Ülke ya da şehir dışında olanlarla görüntülü konuşmalar, hasret gidermenin yeni biçimi oldu. Deliye her gün bayram moduna geçtik.
Korona Virüs salgınıysa geçmek ne kelime son hız yayılmaya devam ediyor. Hastaneler dolu. Hastaların bir bölümü evlerinde tedaviye alınıyor. 65 yaş kısıtlı dolaşımı devam ediyor ama o evlere gençler taşıtıcı olarak girip çıkıyorlar.
Ertelenen düğünler, dernekler kuruluyor. Sosyal mesafe hak getire. Maskeler ya çene altı ya da kolluk olarak kullanılıyor. Yaz mevsimiyle gelen rehavet salgını körüklüyor.
Ülkece, önümüzü göremiyoruz. Ekonomi, eğitim, sosyal faaliyetler sisler içinde, netlik yok.

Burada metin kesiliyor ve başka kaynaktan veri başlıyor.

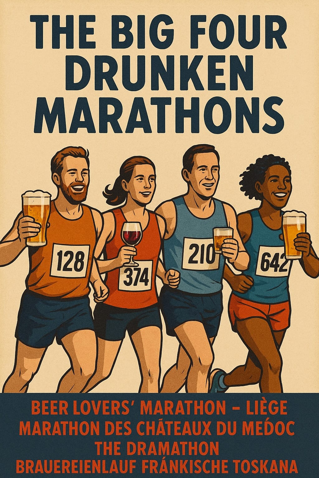 Einige Jahre nach gemeinsamen Marathons – begleitet von Kniebeschwerden – entstand die Idee: Wenn schon Marathon, dann mit Stil, Genuss und vielleicht auch einem leichten Schwips. So wurde The Drunken Four geboren – eine Laufserie für Genießer, die sich nicht zwischen Training und Tresen entscheiden wollen.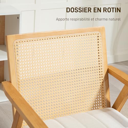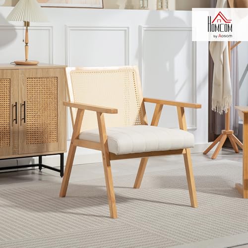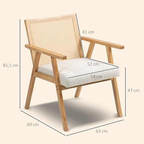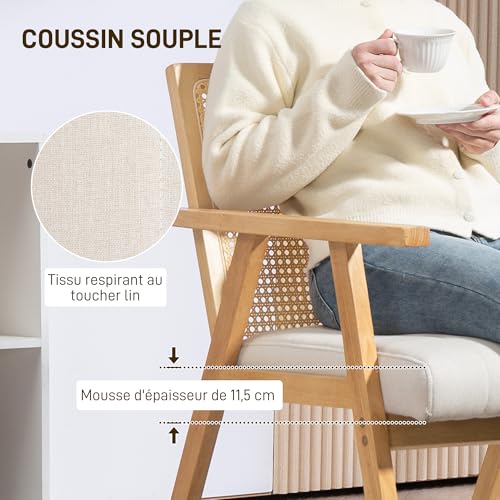 HOMCOM Fauteuil Relax pour Salon Chambre Confortable, Chaise cannage avec Dossier en rotin et Coussin rembourré et accoudoirs, Bois Naturel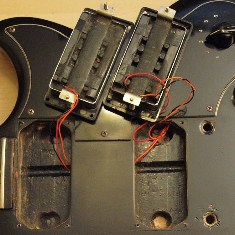 The pickup was used in both neck and bridge positions. Part numbers 13682 (neck) and 13683 (bridge). Dimensions: 70mm x 38mm x 19mm (excluding mounting tabs); Surround, 90mm x 45mm; Mounting screw holes are 78mm apart. Each pickup has three wires, orange red and black - see images.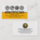 A retro white and yellow layered cover features a "electrician" signage that acts as a demarcation line. Near the base of the card are the contact details.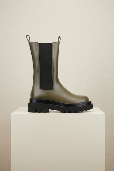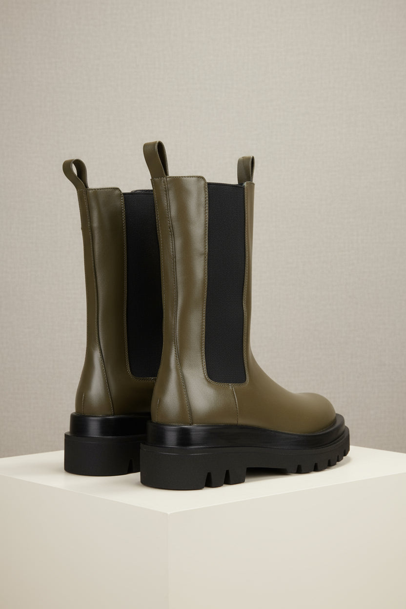 Bota Color Olive. Suela Ancha Track. Acabado En Punta Redonda
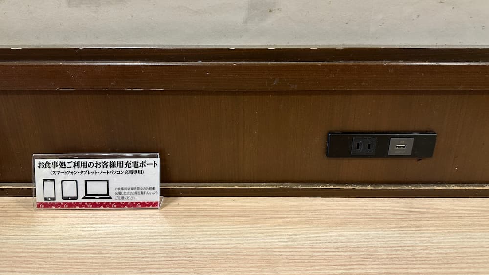 お食事処内にあるので美味しい食事を楽しみながら充電・作業ができます。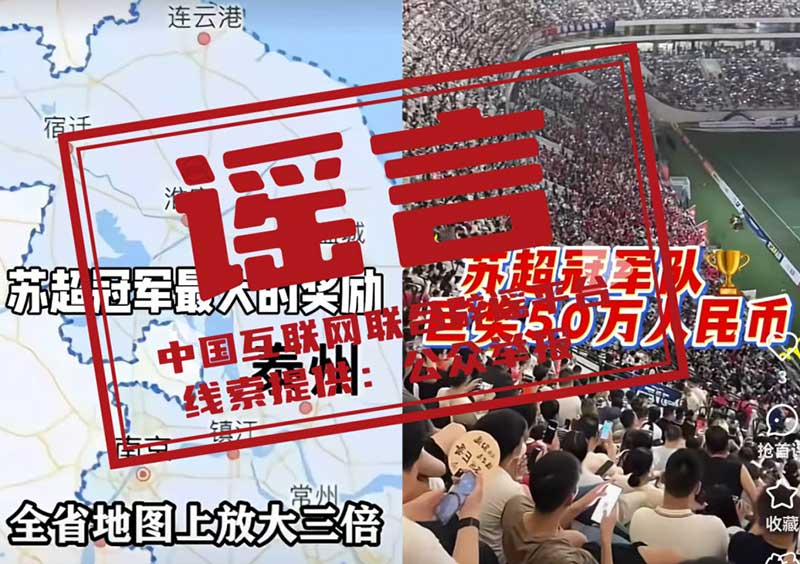 辟 谣 地图放大三个字号?奖金五十万?这些网传苏超冠军队奖励都是假的!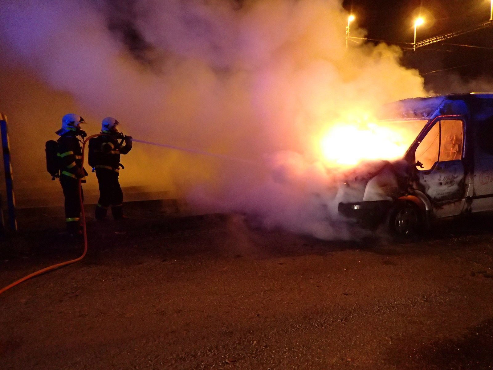 Po příjezdu na místo události byla přední část dodávky zasažena plameny. Hasiči požár lokalizovali vysokotlakým proudem za necelých pět minut, zcela uhašeno měli ve 4:00.

İktidar konuşuyor ama ne derse bizler tam tersini yaşıyoruz.
İNDİ diyorlar ÇIKIYOR.
BOLLUK diyorlar YOKLUK var.
DAĞITTIK diyorlar ALMADIK.
UCUZ diyorlar PAHALI.
YOK diyorlar VAR.
VAR diyorlar YOK.
İktidar, dünyayı kurtarıyor ama ülke çomak sokulmuş arı kovanına döndü. Covid-19 herkesi gerdi. Tahammülsüz olduk. Cumhuriyetten alınan yetkiyle oturulan koltuklarda birde ULUSAL DEĞERLERİMİZ’e dil uzatılınca ayarlarımız hepten bozuluyor.
Kılıç ve savaş kaba gücün simgesidir. Kalem bilgiyi, çağdaş yönde ilerlemeyi simgeler. Bilgiyle donanmış kalem her zaman kılıçtan üstündür.
Geçmiş tarihi doğru bilmek gerekir. Okumak gerekir. Kulaktan dolma bilgilerle, işine geldiği gibi ya da laf olsun diye bilgiçlik taslamak olmaz. 24 Temmuz 1923’de imzalanan Lozan Antlaşmasıyla sınırlarımızın bu günkü halini aldığını, ülkemizin kurucusu Mustafa Kemal Atatürk’ü görmezden gelmek HİÇ OLMAZ.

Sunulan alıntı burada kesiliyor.